Figure 4. The IFN response is perturbated by lipid accumulation in human macrophages and monocytes from hypercholesterolemia patients. (A) Protocol of generating human monocyte-derived (foamy) macrophages (hMDM). Monocytes were differentiated with M-CSF for 6 days followed by 16-h (50 μg/mL) acLDL exposure. Next, the generated foamy hMDM were treated with (50 ng/mL) or without IFN-β for 6 h. (B) Cholesterol efflux transporter ABCA1 and ABCG1 were transcriptionally up-regulated by acLDL loading in foamy hMDM. (C) Interferon stimulated genes (IFIT1, MX1, CXCL9, and CXCL10) were transcriptionally downregulated in acLDL-loaded foamy hMDM (B,C) n = 5 biological replicates, data are represented as mean ± SEM, *FDR < 0.05, **FDR < 0.01, ***FDR < 0.001). (D) serum LDL-cholesterol (LDL-C) levels of treated/untreated familial hypercholesterolemia (FH) patients (n = 10) and healthy donors (HD, n = 9). (E) Gene expression of interferon stimulated genes (IFIT1, IFIT3, OASL, and CXCL10) from monocytes derived from treated/untreated FH patients and healthy donors. (F) Ingenuity Pathway Analysis revealed inhibition of interferon-related upstream regulators, such as IFNs, IRFs, and STAT1, in monocytes derived from FH patients. (G) Motif analysis showed an enrichment of the interferon-sensitive response element (ISRE) motif in the promoter region among the downregulated genes in FH monocytes. (H) Regulatory network analysis of differentially regulated genes showed an inhibition of highly interconnected IFN signatures. (F–H) raw data obtained from GSE6054.

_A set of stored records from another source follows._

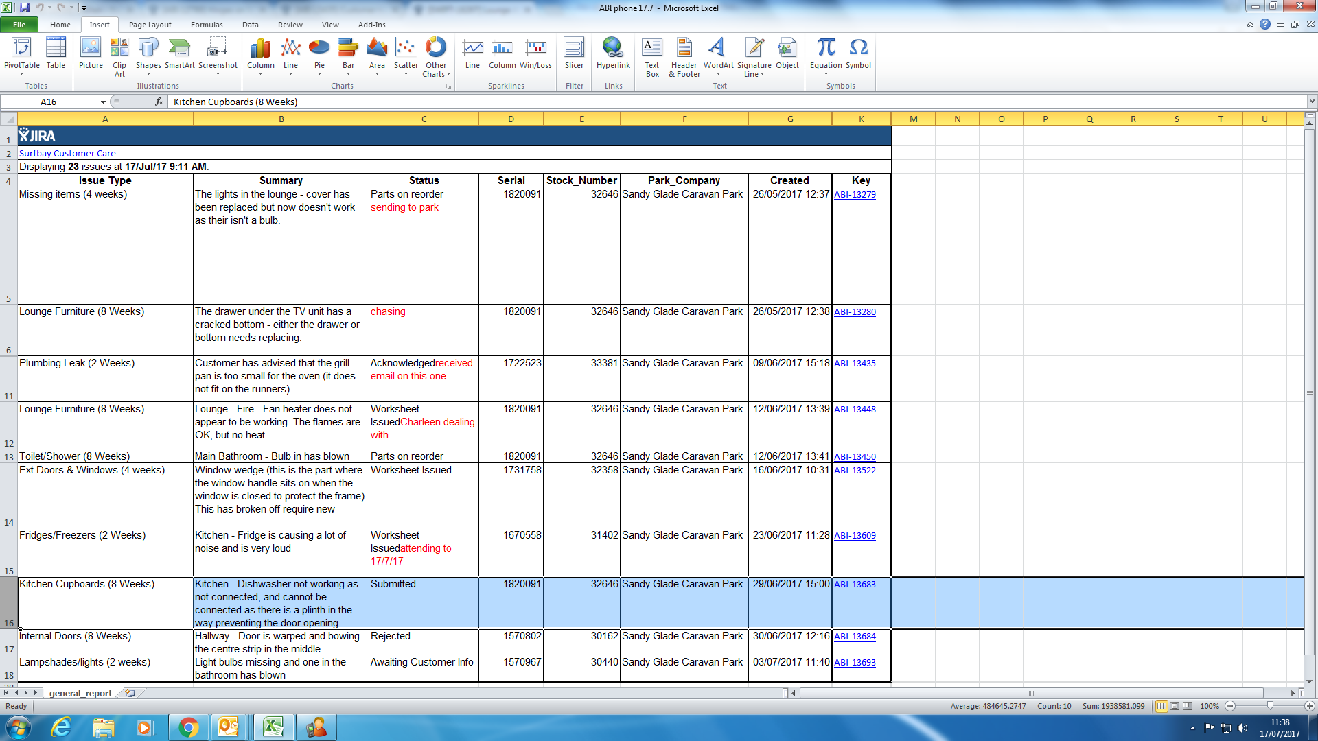 | Status | Parts Recieved [ 10003 ] | Worksheet Issued [ 10004 ] |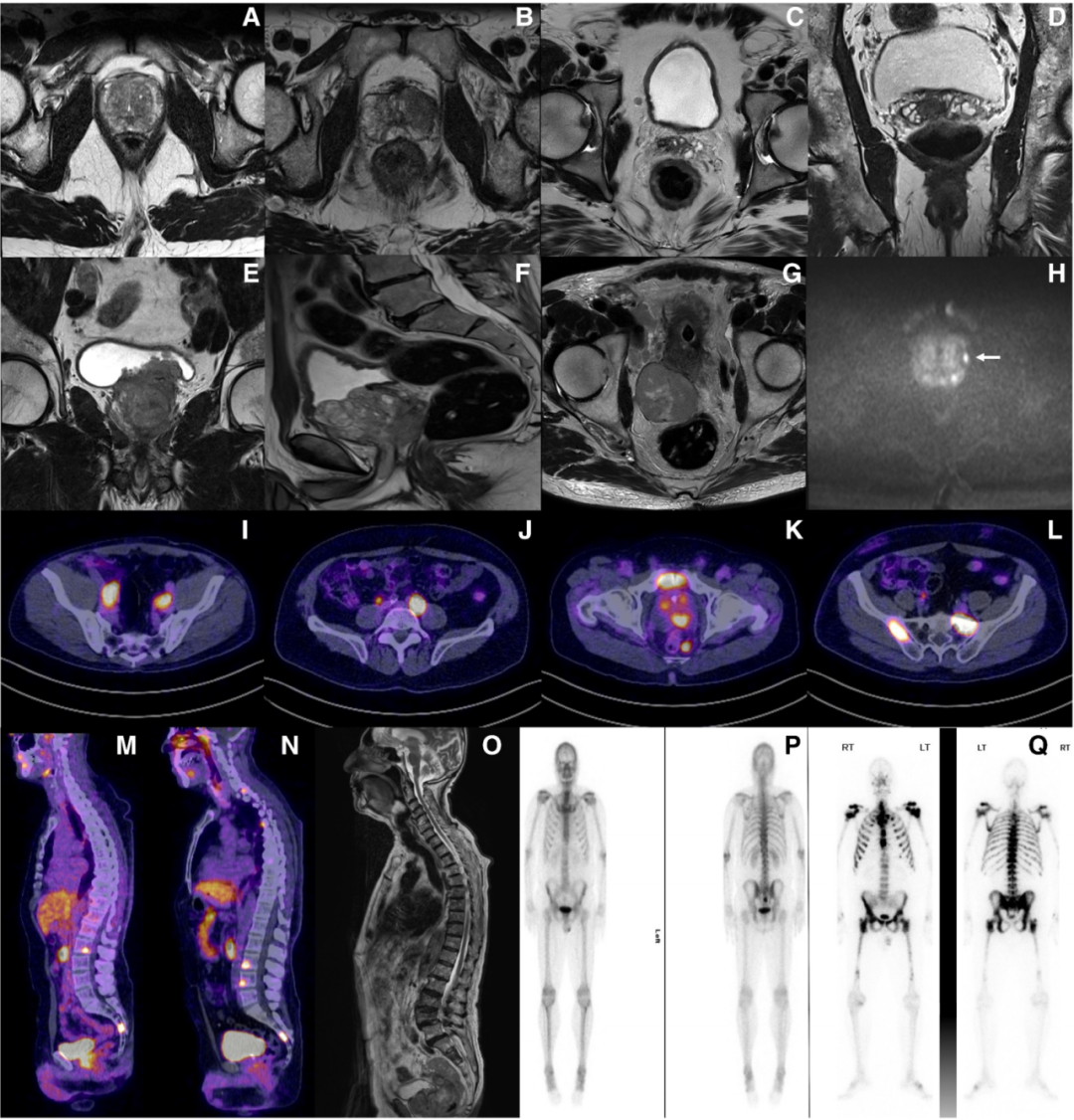 △前列腺癌的影像学诊断:前列腺MRI(A-H)、PSMA-PET(I-N)、全身MRI(O)以及骨扫描(P、Q)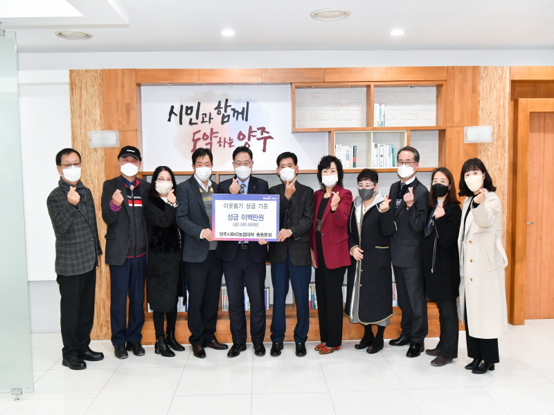 강수현 시장은 “어려운 이웃들이 따뜻한 새해를 보낼 수 있도록 성금을 잘 전달하겠다”며 양주시BIO농업대학 총동문회에 감사함을 전했다.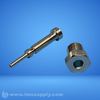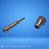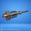 Industrial fuel injector or nozzle assembly with threaded connection and stepped internal geometry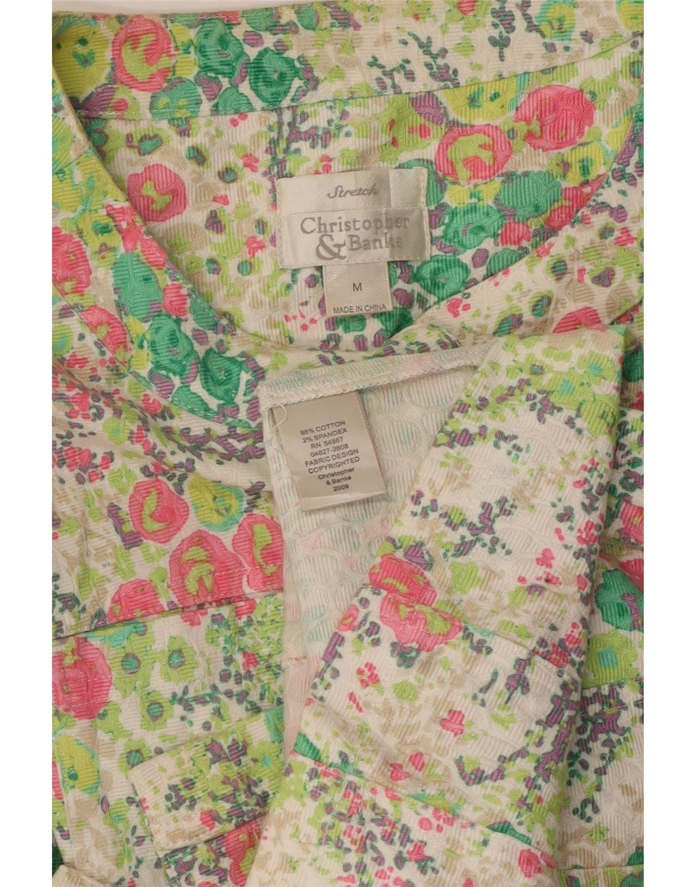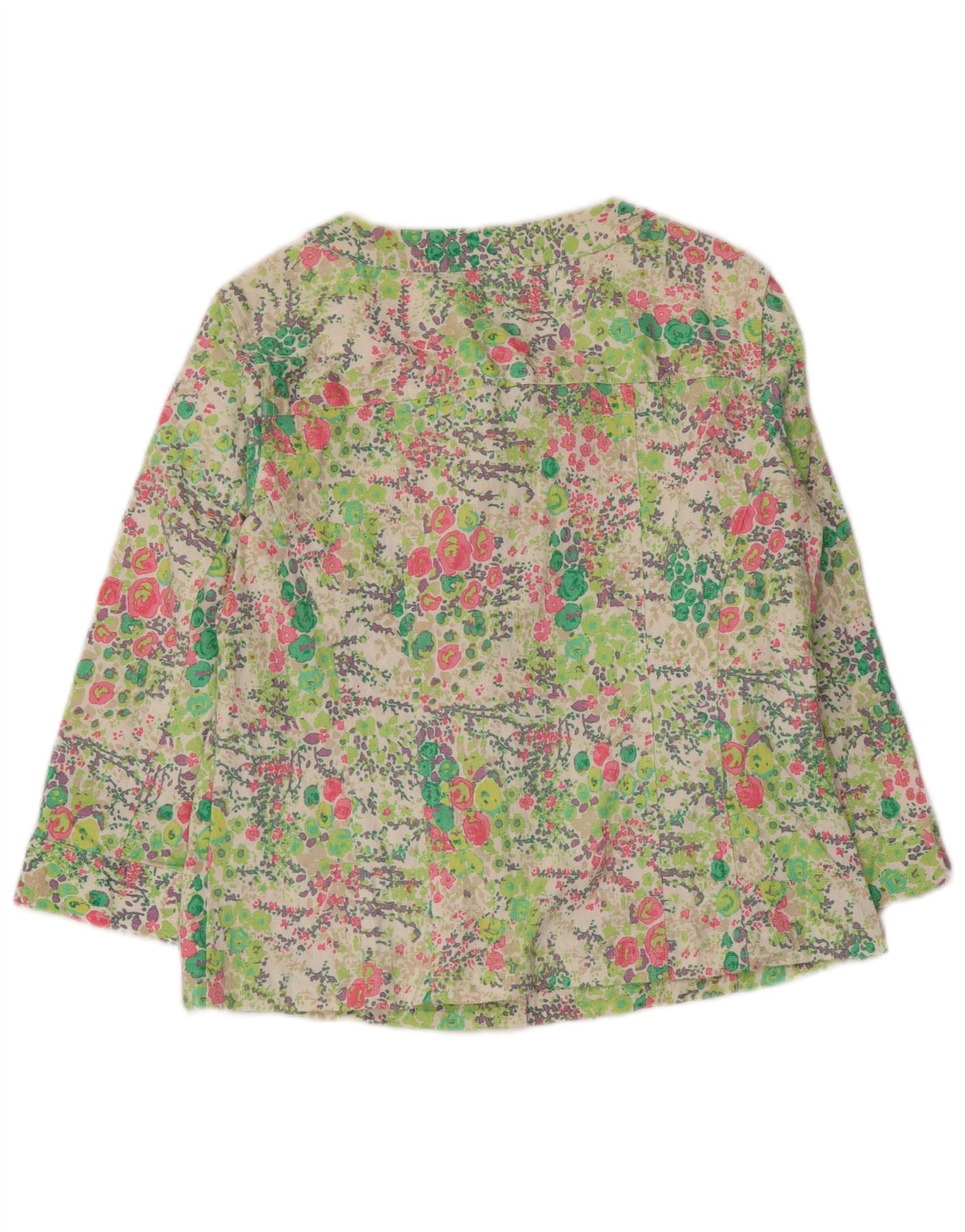 VINTAGE skjortebluse med 3/4 ærmer til kvinder UK 12 Medium Multicolored Floral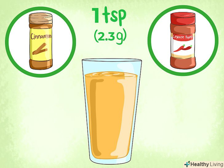 Додайте корицю або кайенский перець, щоб підвищити харчову цінність. додайте в напій 1 чайну ложку (2,5 грам) меленої кориці або кайенского перцю, щоб підвищити в ньому кількість антиоксидантів. [8] кориця і перець додадуть напою пікантності, а також допоможуть організму спалювати калорії. Ретельно перемішайте спеції. [9]- Для посилення смаку покладіть паличку кориці в гарячий напій.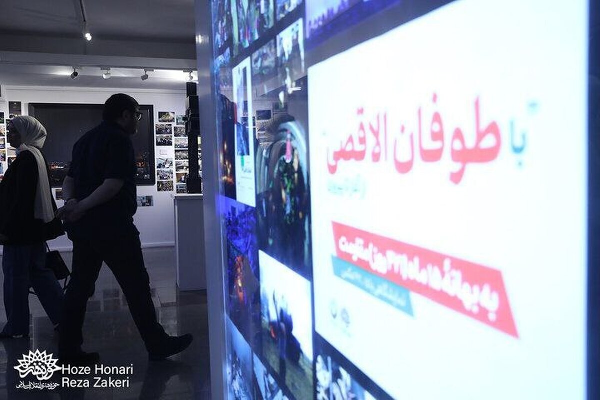 طبق گزارش روابط عمومی حوزه هنری انقلاب اسلامی، نمایشگاه «با طوفان الاقصی از آغاز تا پیروزی نهایی» دارای ۴۸۶ عکس در دو اندازه ۱۶ در ۲۱ و ۱۰۰ در ۱۵۰ سانتیمتر است که توسط عکاسان بینالمللی از آغاز عملیات طوفان الاقصی ثبت شدهاند.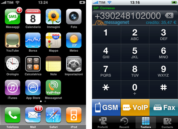 Per poter essere distribuito su App Store e funzionare su iPhone, il software Messagenet deve rispettare le scelte di Apple per quanto riguarda le funzioni e il sistema operativo dello smartphone. Così mentre su Symbian il programma rimane sempre in esecuzione in sottofondo, consumando poche risorse e batteria, su iPhone Messagenet si chiude una volta che l’utente preme il pulsante di ritorno alla dashboard. Ancora, Apple non permette che i programmi di comunicazione VoIP consentano all’utente di effettuare chiamate via Internet quando lo smarphone si trova sotto copertura dati cellulare. Una volta lanciato sul tascabile della Mela Messagenet presenta all’utente una schermata quasi del tutto identica a quella de tastierino telefonico integrato di serie da Apple. Le uniche differenze si trovano in basso: tre grandi pulsanti che permettono di scegliere al volo se lanciare una chiamata via rete GSM, tramite VoIP infine di inviare un Fax.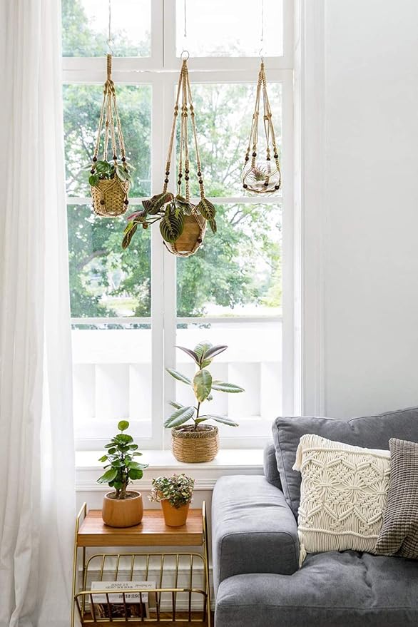 【天然素材】麻縄で編み込んだマクラメの植物ハンギングです。ユニークなデザインで、お部屋やリビングルームに完璧な彩りを加えます。お部屋にプラントハンギングを吊り下げたら、雰囲気が一気に変わります。植物を飾らなくてもカゴや鉢などの雑貨を吊り下げて楽しむことができます。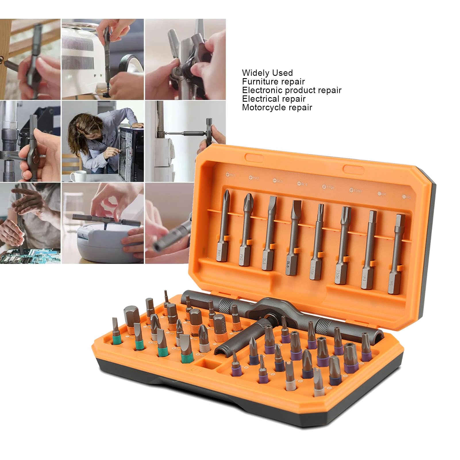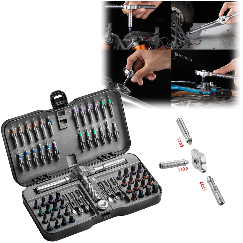 Les embouts peuvent être empilés pour les espaces restreints. Économisez 80 % d'énergie, réduisez la fatigue du poignet. 【Set complet 42 pièces】Le set de tournevis magnétiques 42-en-1 comprend 32 embouts courts (25mm) et 8 embouts longs (45mm) de types variés (PH, SL, Torx, Hex, PZ, U, etc., ). Grâce à une usinage CNC de haute précision, ce tournevis a cliquet offre une excellente durabilité et une résistance à l'oxydation, parfait pour une utilisation à long terme. ), codés par couleur et faciles à identifier. Une chambre de magnétisation intégrée ajoute du magnétisme aux embouts à tout moment Jeu De 31 Tournevis Cliquet F-T EMTOP - EBST03102 【Design à cliquet efficace】Le set de tournevis à cliquet dispose d'un système d'engrenage à 58 dents, permettant une utilisation à une main. Sa taille compacte le rend facile à transporter – que ce soit à la maison, au travail ou en déplacement, il est toujours à portée de main. Les embouts codeurs couleur sont faciles à identifier, idéaux pour l'électroménager, l'assemblage de meubles, les réparations de vélos, la maintenance informatique et plus encore. Découvrez le SOARFLY Jeu de tournevis magnétiques 42 en 1 – pratique, durable, polyvalent, avec un tournevis cliquet qui révolutionne vos travaux ! Tournevis De Précision Ensemble De Tournevis U00e0 Cliquet 42 En 1, Ensemble De Tournevis Magnu00e9tiques Multi-embouts Avec Poignu00e9e U00e0 Cliquet Amovible, Kit D'outils De Ru00e9paration Domestique Pour Meubles, Voiture, Ordinateur Kit Tournevis Kit de tournevis 42 en 1 : le jeu de tournevis à cliquet magnétique comprend 40 embouts magnétiques en alliage d'acier au chrome-molybdène (S2), avec un diamètre de 6,35 mm, complété par une poignée unique avec un porte-embout magnétique Adapté aux électroménagers, vélos, ordinateurs, etc. **Design à cliquet efficace** Ce tournevis cliquet dispose d'un système d'engrenage à 58 dents, avec un angle de balancement de 6,2°. Toujours à portée de main, où que vous travailliez. Une usinage CNC haute précision garantit une résistance à l'oxydation et une longévité, faisant de ce tournevis a cliquet un outil de confiance. **Magnétisme puissant** Ce jeu de tournevis magnétiques avec embouts fortement magnétisés : maintien solide des vis, pas de glissement, changement d'embout rapide – idéal pour des travaux précis sur de petits appareils, renforçant l'efficacité du tournevis à cliquet. 【Compact et Portable】L'ensemble est livré avec une boîte de rangement portable et robuste (16,6x9,45x3,95cm) où toutes les pièces sont stockées en toute sécurité et de manière organisée.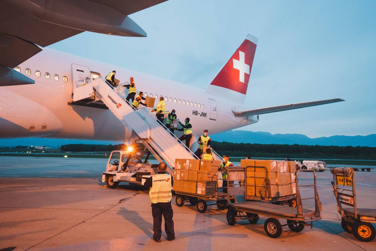 Boeing 777 transporterade sprutor och flera miljoner kirurgiska masker. På denna flygning med endast godsfrakt transporterades inga passagerare, materialet transporterades i flygplanets lastutrymme och passagerarkabinen. Flygningen från Shanghai landade på Genèves flygplats kl 21.45 den 21 april.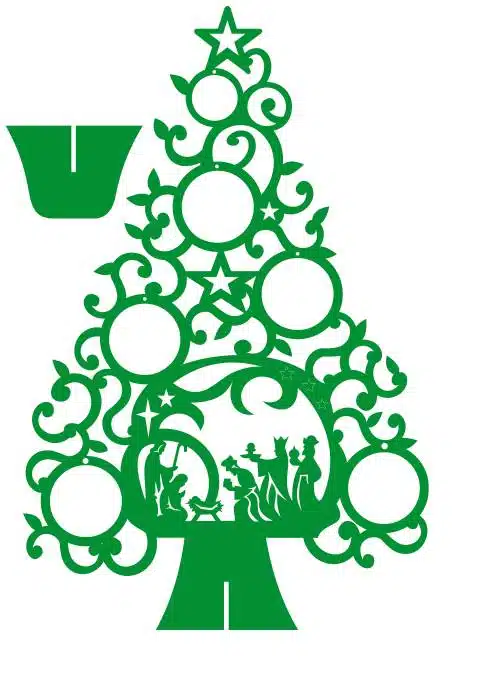 Te compartimos un vector descargable para crear un árbol navideño con un tradicional Nacimiento en su interior.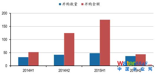 從2014年以來(lái)環(huán)保上市公司并購(gòu)總金額近400億元,15家公司與相關(guān)投資人成立并購(gòu)基金總規(guī)模263億元。并且從半年的統(tǒng)計(jì)來(lái)看,環(huán)保行業(yè)的并購(gòu)加速勢(shì)頭明顯。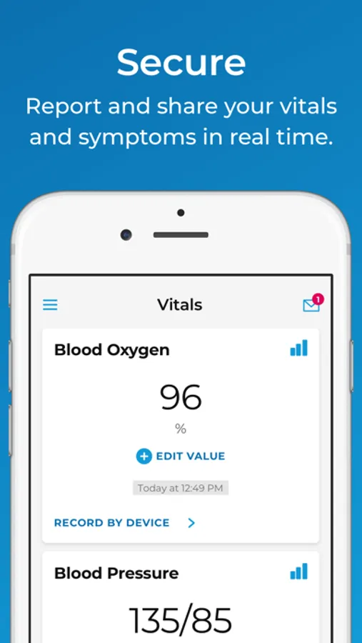 The app uses Apple Health and Direct Bluetooth Connection to retrieve vital signs.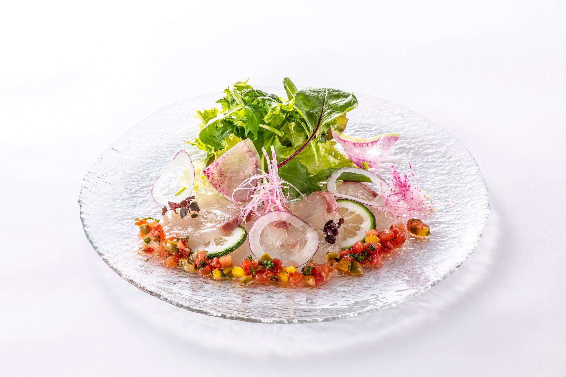 深堀隆介《緋ノ魚》をイメージしました。かぼすの爽やかな香りと、カンパチのマリアージュをお楽しみください。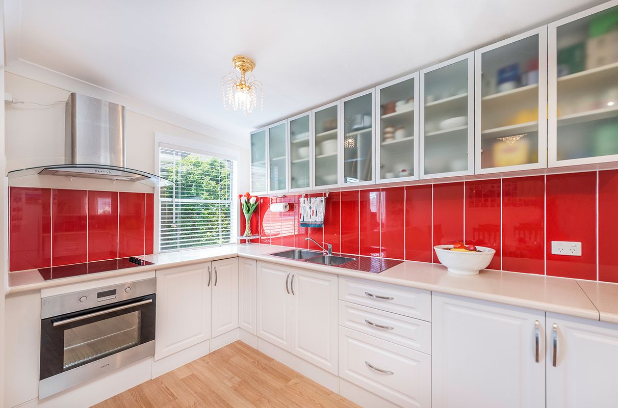 Comfortable lounge and a generous open dining and beautiful modern kitchen with loads of built-in storage, stainless steel electric cooking appliances and a striking red tiled splashback.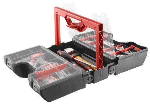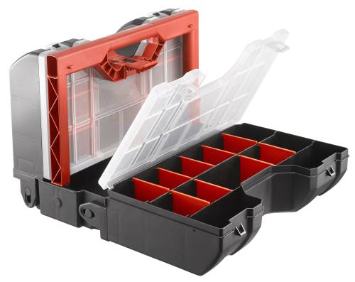Permet de ranger des pièces, des outils à main. Offre de multiples possibilités de compartimentage. Evite le mélange des pièces. Le grand compartiment central permet d’accueillir des outils à mains (tournevis, marteau...). Tout est instantanément visible et accessible. Nouvelle fermeture à ressort intégré, facilite l’ouverture et la fermeture.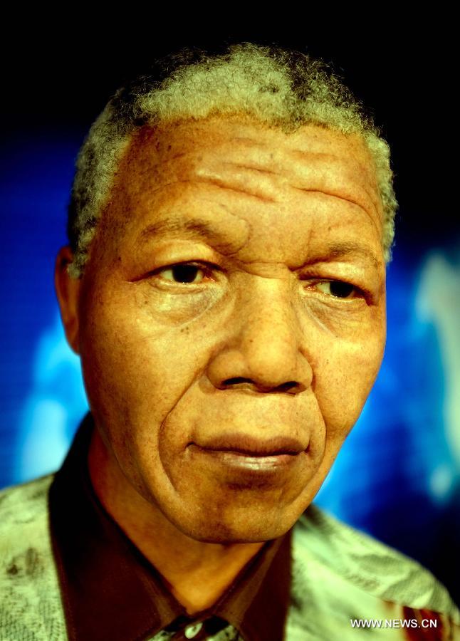 Photo taken on May 29, 2014 shows the wax figure of South Africa's former president Nelson Mandela at Madame Tussauds Wax Museum in Beijing, capital of China. London's Madame Tussauds Wax Museum set up its branch in Beijing this summer, and the museum will officially open to the public on May 31.(Xinhua/Wang Jianhua)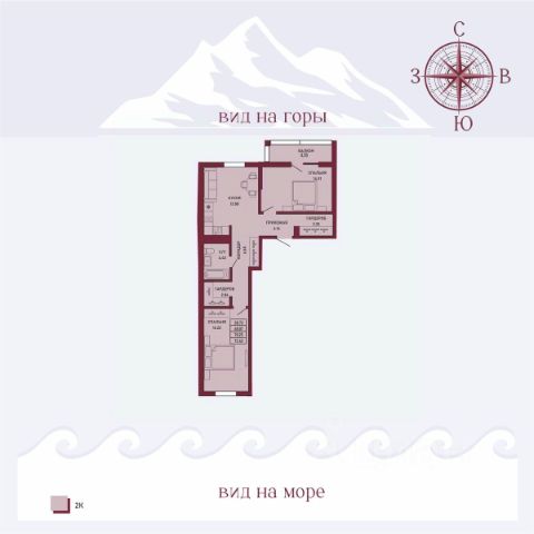 Однокомнатный апартамент площадью 42,56 м2 с видом на море в новостройке Бизнес-класса ЖК Море Ялта в уютном городе Гурзуф.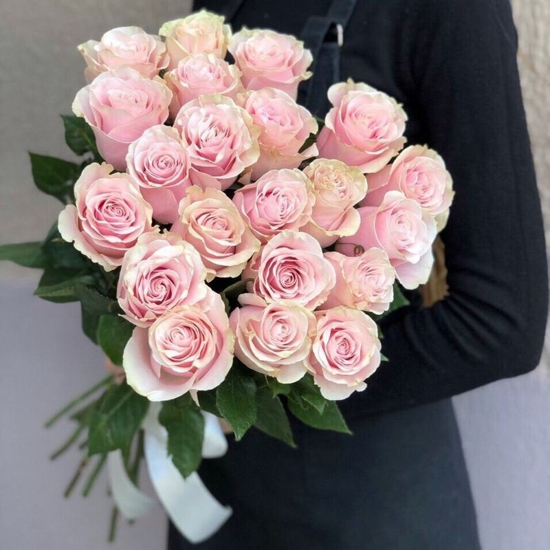 Кустовая роза, кустовая гвоздика, декоративная зелень, альстромерия. Возможны замены на альтернативные варианты.

Lipid Accumulation in Monocytes of Hypercholesterolemia Patients Results in Type-I IFN Suppression Which Is Reversed After Lipid-Lowering Treatment
We have previously shown that peripheral monocytes from FH patients accumulate lipids (55). To determine whether the suppressed IFN signature is also observed in monocytes of FH patients, we performed RNA-seq of peripheral monocytes derived from FH patients before and after lipid-lowering treatment by ezetimibe, statins, and/or PCSK9 antibodies, as well as age and gender-matched healthy donors (Supplementary Tables 1, 2). Indeed, serum LDL-C levels in untreated FH patients were significantly higher than samples obtained after treatment and from healthy donors (Figure 4D). RNA-seq analysis confirmed an elevated expression of ABCA1 and ABCG1, whereas ISGs including IFIT1, IFIT3, OASL, and CXCL10 were suppressed in untreated FH monocytes compared to monocytes from healthy donors (FDR < 0.05, Figure 4E). Interestingly, the suppressed gene expression of ISGs was restored after lipid-lowering treatment. To confirm these findings in monocytes from another FH patient cohort, we analyzed a publicly available dataset containing expression data of monocytes from FH patients and healthy donors (GSE60514) (45). Differential gene expression analysis showed that many ISGs were down regulated in monocytes derived from FH patients compared to healthy donors (Supplementary Figure 4D). Upstream regulator analysis on the differentially regulated genes confirmed inhibition of type-I IFNs, IRFs, and STAT1 (Figure 4F). In line with this, motif enrichment analysis identified ISRE as the most enriched promoter motif among the down regulated genes in FH patients (Figure 4G). Regulatory network analysis of the differentially expressed genes in monocytes from FH patients revealed STAT1 and IRF7 to be the central modulators of this network (Figure 4H). Thus, as observed in macrophages (mouse BMDMs, PMs and hMDMs), lipid accumulation in monocytes of FH patients also results in a deactivated type-I IFN response which can be restored by lipid-lowering therapy.
Discussion
In the current study, we demonstrate that the expression of IFN-β and ISGs are affected by lipid-loading. We show that cholesterol accumulation in vitro and in vivo suppresses the type-I IFN response in both monocytes and macrophages. This cholesterol loading-induced immunomodulation is also observed by LXR activation and specifically affecting ISGs, but not other pro-inflammatory genes. By applying exogenous IFN-β to macrophages, we showed that the cholesterol-induced decreased ISG expression can be largely restored. Analysis of transcriptional profiles of FH monocytes confirmed this phenotype which was restored by lipid-lowering treatment in FH patients. Moreover, these analyses implicated a profound role of IRFs in the down regulation of type-I IFNs and the subsequent responses.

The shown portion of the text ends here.